Valentines, Always... Marriage, Never

As St Valentine turns up to warm the cockles of our hearts once again, thoughts invariably turn to warm fluffy bunnies, doves cooing in harmony, flowers, chocolates and lots and lots of love. Which is all well and good... just as long as marriage doesn't figure anywhere in this lot.

As St Valentine turns up to warm the cockles of our hearts once again, thoughts invariably turn to warm fluffy bunnies, doves cooing in harmony, flowers, chocolates and lots and lots of love. Which is all well and good... just as long as marriage doesn't figure anywhere in this lot.

Now don't get me wrong. I'm all in favour of partnerships, I just think they should be based on a deep comradeship, harmony, chemistry, humour - NOT a contract stipulating that all these things stay intact long after the icing has melted on the wedding cake.

The rate of divorce in this country is currently a staggering 42%. That would seem that, of all those dreams so keenly shared and expressed in front of crowds of people in too-tight shoes and bored children, a good four out of ten are, basically, a fraud. Not intentionally, but a deception, nonetheless.

Not because they didn't have wonderful intentions at the time, but because they signed up to staying together, even if those intentions were tested by financial worry, changing interests, bedroom boredom or just... life.

So, instead of maintaining this ridiculous system forcing so many people retrospectively to defraud the church, each other and themselves by breaking a contract that had lifelong responsibilities, let's update the framework a little to something a bit more accommodating and reflective of 21st Century ideas.

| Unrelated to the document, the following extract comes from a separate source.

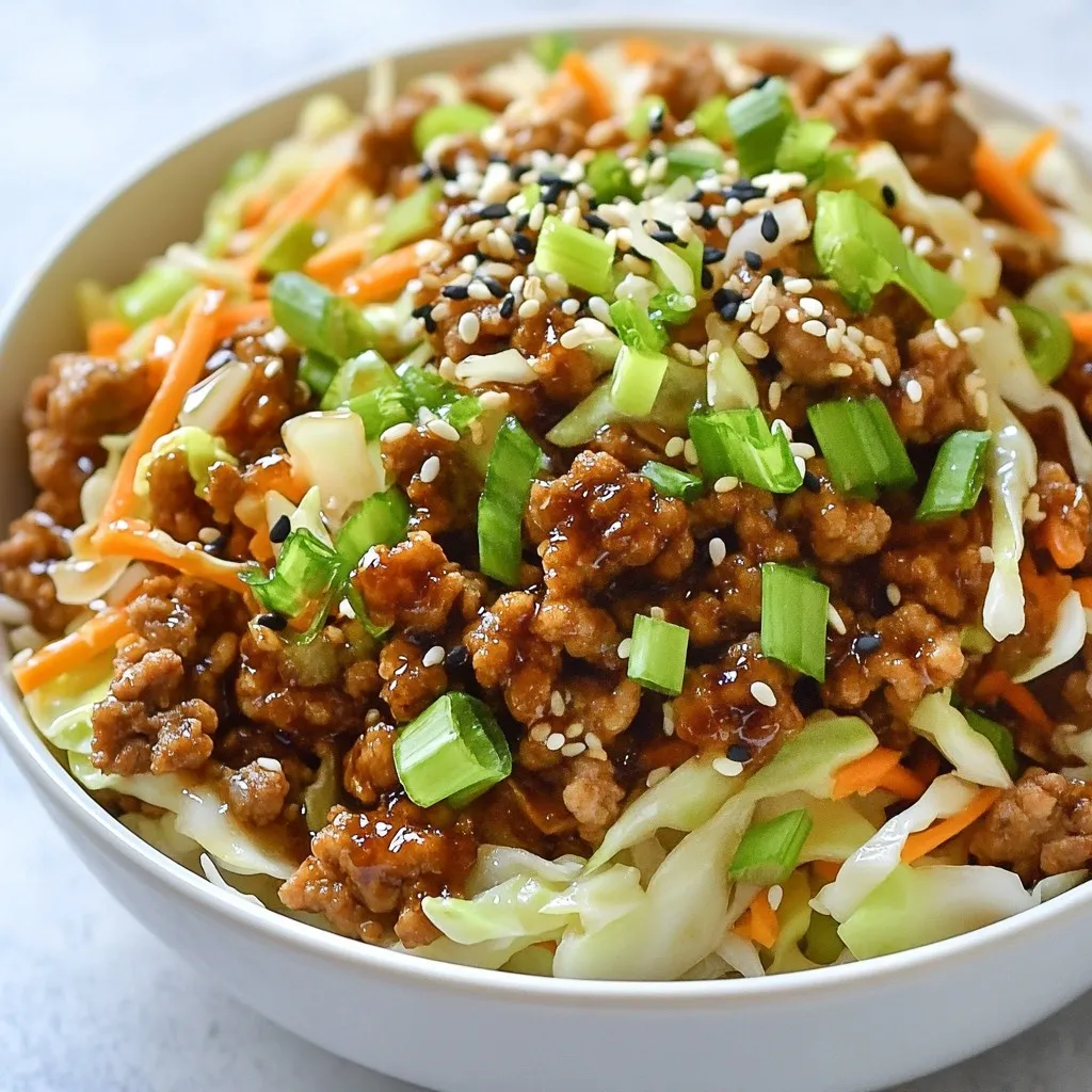 - 1 pound ground turkey (or chicken) - 1 tablespoon sesame oil - 4 cups coleslaw mix - 2 cloves garlic, minced - 1 tablespoon fresh ginger, peeled and minced - 3 green onions, finely sliced - 1/4 cup low-sodium soy sauce - 1 tablespoon rice vinegar - Optional: Sriracha or chili sauce for an extra kick In this dish, the ground turkey or chicken serves as a great protein base. The sesame oil adds a unique nutty flavor and helps cook the meat. The coleslaw mix is your colorful veggie blend, bringing crunch and freshness. For aromatics, garlic and ginger add depth to the dish. Green onions sprinkle on top for color and a mild onion taste. To bring it all together, low-sodium soy sauce and rice vinegar provide a perfect balance of salty and tangy. If you like heat, a bit of sriracha or chili sauce will take it to the next level. Everything combines to create a warm, hearty meal. You can customize with your favorite sauces or toppings. Enjoy making this easy weeknight meal! {{ingredient_image_2}} To start, heat 1 tablespoon of sesame oil in a large skillet or wok. Set the heat to medium-high. Wait until the oil shimmers, which means it's ready. Next, add 1 pound of ground turkey or chicken to the skillet. Use a spatula to break it into smaller pieces. Cook for about 5 to 7 minutes. The meat should turn brown and lose its pink color. Season it lightly with salt and pepper. Now it’s time to add some flavor! Stir in 2 cloves of minced garlic and 1 tablespoon of minced fresh ginger. Cook for 1 to 2 minutes. You’ll notice the lovely aroma filling your kitchen. Then, toss in 4 cups of coleslaw mix. This is where the crunch comes in. Stir well to combine it with the meat and spices. Cook for about 3 to 4 minutes. You want the cabbage to be tender but still crisp. Pour in 1/4 cup of low-sodium soy sauce and 1 tablespoon of rice vinegar. Toss everything to coat it evenly. Let it cook for another 2 to 3 minutes. This allows the flavors to blend nicely. Once done, take the skillet off the heat. Fold in 3 finely sliced green onions, saving some for garnish. Before serving, taste the dish. If you like heat, add some sriracha or chili sauce. Now, scoop the mixture into bowls. Garnish each bowl with sesame seeds and the reserved green onions. Enjoy your colorful and tasty meal! To get the best flavor, start by browning the meat well. This step adds depth. Use medium-high heat and break the turkey into small bits. Cook it until it turns golden brown and loses its pink color. This usually takes 5 to 7 minutes. For the cabbage, you want a bit of crunch. Cook the coleslaw mix just enough so it softens slightly. This should take about 3 to 4 minutes. It is key to stir often. This helps the flavors blend and keeps the cabbage from getting too soft. Pair this dish with a side of steamed rice or quinoa. These grains soak up the yummy sauce. You can also add a simple salad for freshness. For serving, choose colorful bowls. A bright bowl makes the dish pop. Try adding shredded carrots or sliced cucumbers on top. This adds color and texture, and it looks great on the table. If you love heat, add some sriracha or chili sauce. Start with a teaspoon and taste as you go. You can always add more if needed. To balance the spice, consider a little honey or sugar. This can cut the heat and add a nice touch. Pair it with soy sauce or rice vinegar to ensure the flavors mix well. Pro Tips Use Fresh Ingredients: Fresh garlic and ginger will elevate the flavor of your dish. Avoid using pre-minced versions for the best taste. Customize Your Veggies: Feel free to add other vegetables like bell peppers, snap peas, or mushrooms for additional flavor and texture. Adjust the Heat: If you prefer a milder dish, start with a small amount of sriracha and add more gradually to suit your taste. Perfect Your Presentation: Serve in colorful bowls and consider adding fresh herbs or lime wedges for a vibrant touch. {{image_4}} You can easily make this dish vegetarian. Start by substituting ground turkey with tofu. Use firm tofu for the best texture. Simply press and crumble it before cooking. This will absorb all the great flavors. To add more depth, include mushrooms. They bring a rich, umami taste. You can also mix in more veggies like bell peppers, zucchini, or snap peas. This adds color and crunch to your bowl. If you follow a keto diet, you can still enjoy this dish. Swap the coleslaw mix for low-carb veggies. Options include shredded broccoli stems or spiralized zucchini. Both reduce carbs without losing flavor. Adjust the sauces, too. Look for no-sugar soy sauce or coconut aminos. These keep the taste bold while fitting your diet. Explore different flavor profiles by changing the sauces. Try hoisin or teriyaki sauce for a sweet twist. You can also add peanut sauce for a nutty flavor. Consider adding nuts for crunch and protein. Chopped peanuts or cashews work well. If you want more protein, include shrimp or diced chicken. This keeps the meal exciting and satisfying. To store Egg Roll in a Bowl, let it cool first. Place it in an airtight container. This keeps the flavors fresh and prevents moisture loss. It is best to eat it within 3 to 4 days. The dish holds well, but the cabbage may lose some crunch over time. When reheating, use a skillet over medium heat. This method warms the dish evenly and keeps it from getting soggy. Stir gently to keep all the ingredients intact. If you want to freeze it, portion it out first. Store it in freezer-safe containers. It can last up to 3 months in the freezer. Just remember to thaw it overnight in the fridge before reheating. Egg Roll in a Bowl lasts about 3 to 4 days in the fridge. To keep it fresh, store it in an airtight container. This helps prevent moisture loss and keeps flavors intact. If you notice any off smells or changes in texture, it is best to discard it. Yes, you can make Egg Roll in a Bowl ahead of time. This dish is great for meal prep! Cook it fully and let it cool. Then, portion i

One big argument for marriage still is the legal security it provides, when one partner falls ill, or dies, or has to move to another country - and this is the big battle cry for gay partnerships to be put on an equal footing with straight ones.

One devoted gay couple I know weren't able to move to the country of their choice because of this strange chasm in permits. A shocking display of inequity and discrimination, but this seems to me an argument for updating permissions, paperwork and visa forms for all partnerships - gay and straight - instead of trying to shoe-horn civil partnerships into the same category as the current out-of-date marital practices.

Why don't we all just have a nominated +1 for appropriate occasions - hospitals, holidays, wills, that we can move around like an extra party on our car insurance? It can be the same person for a week, or for life, but it can be as refreshed as the people we are within ourselves, or like to think we are.

The 58% who do make it along the rocky road post-marriage without offing to a solicitor have my admiration, but many also have my suspicion. The ones who are happy, I'm completely willing to believe, would be equally happy without the contract to keep them there, and I'm scared the ones who are unhappy are sitting it out through fear, laziness or, worst of all, not wanting to break the vows they made in honourable fashion on that happy, sunlit day when they were a person they no longer recognise in the photos.

Personally, if someone's going to stay with me, it would kill me to know, or ever to wonder, if it was because a yellowing piece of paper, curling up at the corners, tucked away in the drawer, inflicted on them a lifelong sense of duty and accountability they had long since stopped enjoying. Without this albatross in the room, at least I know it's because they still vaguely like me, think my joke (singular) is still funny, and my DVD collection tolerable. Happy Valentine's Day!